The 3 best books by Clara Usón

The intensity, the life without frills with its angry and blinding light. The literature of Clara Uson It gives us that discovery of the extreme as a decantation of the human. A mixture of will, decision, flight and inertia. All the contradictions push us to survive to tell them, when we end up discovering them naked with their strong, whitish, cold and morbid bodies, as if they were past death.

Faced with a writer like this, there is no choice but to assume that reading her is not going to be a passage through the lukewarmness of life. And it is tragically or magically delicious to peek into that wild side behind the parapet of what is known as fiction, despite the fact that it makes your skin crawl between paragraphs that become icy currents.

Existentialism battle with which to erect trenches in anticipation of the riot and the attack of the routines. Caves where to hide from the unbearable daily life, from the assignments given to the devil and from the temptations made unspeakable vices. Chasms where to stumble at ease until the chrism or morality that can nest inside opens. Intensity made prose.

Top 3 recommended novels by Clara Usón

The shy killer

Pivoting around the death of Sandra Mozarovski and her mythology, a multifocal plot is constructed to end up presenting a fascinating mosaic of different visualizations. The reality is complex when trying to draw a single timeline. In this is the grace of narrating any time, in the necessary effort to deconstruct everything to end up understanding it with that rabid credibility.

The shy killer is a novel set in the Spain of the Transition that tells a story based on the dark episode of the death of Sandra Mozarovski, actress of the uncover film, who supposedly committed suicide. Daughter of a Russian diplomat and related to the highest spheres, her case was never clarified and shocked Spanish society in the seventies. This dramatic episode serves the narrator to give an account of her own unbridled youth during the eighties, the complex relationship with her mother and the lives of three unexpected characters: Camus, Wittgenstein and Pavese.

The great philosophical questions resonate in a plot full of intrigue that tells us about the meaning of life, the blind hopes of youth and the story that we construct as a way of survival, through two young people convinced that the future belongs to them.

In this moving novel, Clara Usón, one of today's most prestigious literary writers, brings to a point of perfection and extraordinary creative maturity the elements present in all her work: the mixture of tragedy and comedy, of irony and tenderness. , the documentation of a true story intertwined with pure fiction, and an erudite and impeccable writing with a light-hearted tone and a very agile pace.

The daughter of the East

The writer Clara Usón always finds characters like satellites of a time, capable of arousing unusual curiosity around her never fully unraveled wake.

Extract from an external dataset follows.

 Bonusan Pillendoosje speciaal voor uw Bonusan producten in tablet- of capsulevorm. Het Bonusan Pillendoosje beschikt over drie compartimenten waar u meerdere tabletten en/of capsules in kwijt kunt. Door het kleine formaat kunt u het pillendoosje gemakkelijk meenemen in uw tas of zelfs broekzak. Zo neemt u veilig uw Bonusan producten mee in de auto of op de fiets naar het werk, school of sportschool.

Because history is peppered with second-line protagonists with intrahistories even more notorious than the most famous faint-hearted inhabitants of the artificial.

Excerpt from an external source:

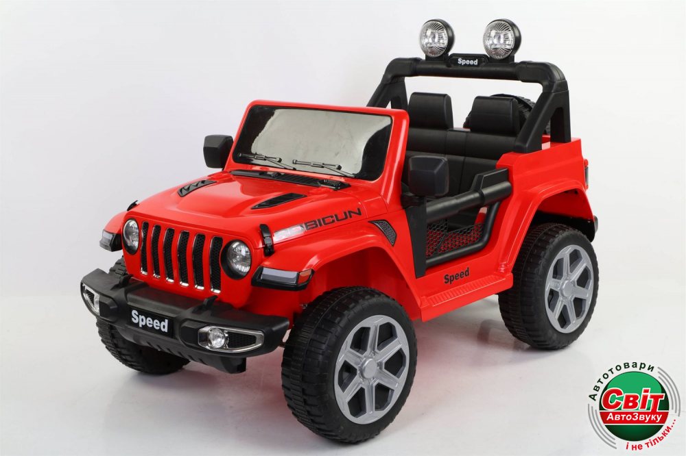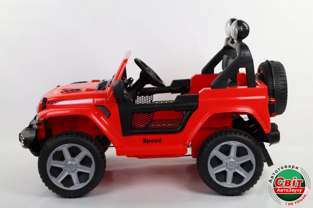 Дитячий електромобіль Kidsauto Jeep Wrangler Rubicon style 4x4 червонийWrangler Rubicon 4x4 - первый в мире полноприводный детский внедорожник, созданный по официальной лицензии легендарного бренда JEEP. Полный привод с переключателем режима: 4WD/2WD (4 ведущих / 2 ведущих колеса). Полный привод авто включается с помощью специальной кнопки на панели приборов. Высокий клиренс внедорожника и широкие резиновые колеса с амортизацией сгладят любые неровности дорожного полотна, а дополнительная защита днища и надежный каркас – обеспечат долгий срок службы электромобиля.

Beautiful, intelligent, outgoing, Ana has a great future ahead of her. She is the best student of her medical class in Belgrade and the pride of her father, General Ratko Mladic, whom she adores. One night, returning from a final year trip to Moscow and at only 23 years old, Ana Mladic takes her father's favorite pistol and makes a decision that will mark the life of her family forever.

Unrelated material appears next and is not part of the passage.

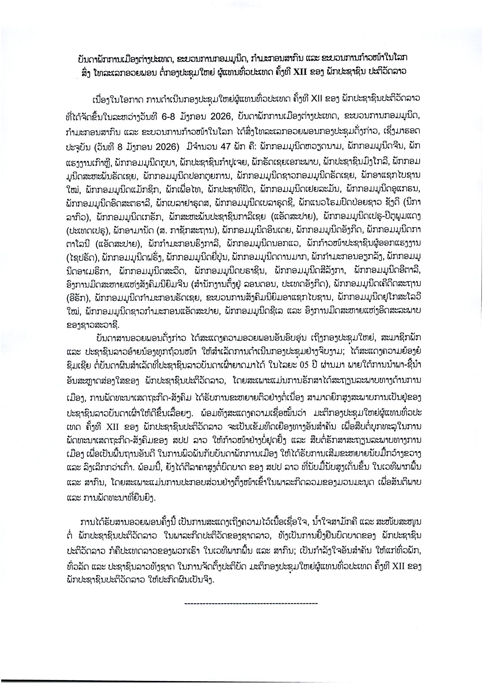 ບັນດາພັກການເມືອງຕ່າງປະເທດ, ຂະບວນການກອມມູນິດ, ກຳມະກອນສາກົນ ແລະ ຂະບວນການກ້າວໜ້າໃນໂລກ ສົ່ງ ໂທລະເລກອວຍພອນ ຕໍ່ກອງປະຊຸມໃຫຍ່ ຜູ້ແທນທົ່ວປະເທດ ຄັ້ງທີ XII ຂອງ ພັກປະຊາຊົນ ປະຕິວັດລາວ

What happened in Moscow? Did Ana see the other side of her father, for her a hero, for many a war criminal? The tragedy of Ana Mladic confers a familiar, real and close dimension to the terrible drama of the Balkan war, the last European war and the background of this absorbing novel.

The daughter of the East is nourished by truthful data, intertwined with rumors and conjectures, a hybrid of reality and fiction with a wide gallery of characters such as Slobodan MiloÅ¡evic and Radovan Karadžic, in which Clara Usón combines different narrative voices and combines rigorous research with popular culture to reflect on extreme nationalism and political manipulation. With deep wisdom, The daughter of the East it weaves the tradition of the epic with recent history and shows us that in certain circumstances the decision not to take sides is, perhaps, the one that compromises the most. 

Market

Characters with little in common who end up living in the same settings as the other protagonists who inhabit these stories. Sensations of encounter between profiles thousands of light years from each other. The magical sensation of a fine silver thread that weaves together everything, plot and even life.

A branch manager of a Levantine bank that has sold preferentials. A young military man, Fermín Galán, who decides to put his republican ideals into practice and lead the revolution in Jaca in 1930. A fanatical priest in the Jasenovac concentration camp, in the Independent State of Croatia, during the Second World War. All of them face situations in which they must take a risk, put their courage to the test, for the sake of what for them is the supreme value: revolution, faith, money, before which conscience is only a weak barrier.

Market delves into the wounds of the past and the greatest fracture of contemporary man. Times, spaces and characters intertwine before the astonishment of the reader, configuring a novel in which, ultimately, the essence of great novels is addressed: the complexity of human nature and its contradictions. 

The skill with which Clara Usón keeps you in suspense until the end is surprising and emotional. A purebred writer, she has a narrative pulse capable of harboring depth and a timely sense of humor; a different look internationally recognized as one of the most interesting voices in current European narrative.